When we went back, we immediately noticed a big difference. During our absence, the terrorist attacks of Charlie Hebdo, the Bataclan and the Stade de France caused France to enter in a state of emergency. The first consequence that we directly experienced, was the transformation of that same border. That structure, left deserted for years, was suddenly back in action: military trucks, French army on one side, and Italian army on the other, constant controls and documents checks, car searches.
If normally a train from Ventimiglia to Menton took 10 minutes, now taking the train would have meant systematic controls from the French police as soon as it passed the border. Ventimiglia gradually transformed into a place of tension and Wait. Thousands of migrants started being stuck there, many for long periods of time, waiting for a chance to get to France.
This type of atmosphere, where time was starting to stop, slowly became normality, and the dynamics of the two border towns of Menton and Ventimiglia (the Friday market of Ventimiglia, the town feasts in Menton, the price differences medicines, gas, alcohol and cigarettes between the two countries that characterized the flow of locals crossing the border) were adapting to the new situation.
Living first hand the changes of a place that we know so well, created in us the desire to tell a story about it. Making a movie. But then we asked ourselves, a movie that touches such urgent and dramatic issues, does it need to be exclusively a tragedy?
Something that we often noticed, in these years full of ideological conflicts, is how movies that deal with the topic of clandestine immigration are always filled with drama, pure tragedy, accusations and guilt. Without a doubt, these ways of telling such stories can become necessary to convey the pain and the troubles that these people deal with. But on the other hand, our impression was that making a movie, exploiting the guilt of the viewers, often results in highlighting the differences between the life of a refugee and that of an average movie spectator. Separating further more, the public from the subject.
Let’s make a movie about immigration. But let’s make it not only to make people cry, it needs to make them laugh as well. Let’s create the character of a migrant, but he can’t only make us feel pity. Let’s make him cool, and let’s name him Elvis Presley, with shades and Hawaiian shirts. So that a kid that watches this movie would not only feel tenderness for him, picturing him merely as a poor migrant, but could admire him, as a human being.

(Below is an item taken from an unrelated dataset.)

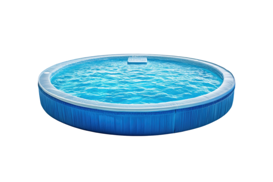 A white and blue hot tub with blue water filling the tub on a transparent background

We then developed a story about friendship, human contrasts that find a common way.
An unsuccessful American painter: a class A immigrant.
An immigrant from Burkina Faso stuck in Ventimiglia waiting for a way to cross the border: a Class B immigrant.
An Italian college student who smuggles medicines, alcohol and cigarettes between France and Italy.
A fourteen years old kid, who happens to share an adventure with these characters.
Different lives, different stories, different ideals, that happen to find a common goal: helping a migrant to cross the border illegally.
Not for charity, but for friendship.